Bent Hansen

Personal information
- Full name: Bent Hansen
- Date of birth: September 13, 1933
- Place of birth: Copenhagen, Denmark
- Date of death: March 8, 2001 (aged 67)
- Position: Right half

Senior career*
- Years: Team / Apps / (Gls)
- B 1903

International career
- 1958–1965: Denmark / 58 / (1)

= Bent Hansen (footballer) =

Danish footballer (1933–2001)

Bent Hansen (13 September 1933 in Copenhagen - 8 March 2001) was a Danish amateur football (soccer) player who won a silver medal with the Denmark national football team at the 1960 Summer Olympics.
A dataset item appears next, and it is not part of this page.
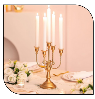
CANDELABRAS - FREE

(25) Bud Vases. Mix of sizes that can be used with client provided flowers

He played a total of 58 national team matches from 1958 to 1965, in which he scored a single goal. On the club level, Bent Hansen played his entire senior career with Copenhagen club B 1903.

Hansen was a player of great stamina and positional sense with good technique, and his game was riskless without surprise or use of trickery, but also without mistakes. He made his debut for the senior Danish national team in a friendly match against the West Germany national football team on 24 September 1958. On 23 September 1959 Hansen scored his only international goal, as Denmark drew the Czechoslovakia national football team 2–2 in a qualification game for the 1960 European Nations' Cup. At the 1960 Olympics, he played in the position of right halfback on the Danish team, often linking up via short passes with right-winger Poul Pedersen. Hansen played all five games as Denmark won silver medals, losing to the Yugoslavia national football team in the final. Many of his Danish teammates moved abroad to play professionally during the 1960s, and were thereby banned from the amateur-only national team. Hansen and fellow Danish international Henning Enoksen were offered a professional contract with Torino Calcio, but Enoksen declined, and both offers were withdrawn. Hansen stayed an amateur, and played both games, as the Danish team finished fourth at the 1964 European Nations' Cup. On 29 November 1964 he broke Poul Pedersen's record as he became the first Dane to play 51 games for the national team. Bent Hansen ended his international career in October 1965, having played 58 international games; a record that was eventually broken by Henning Munk Jensen in May 1978.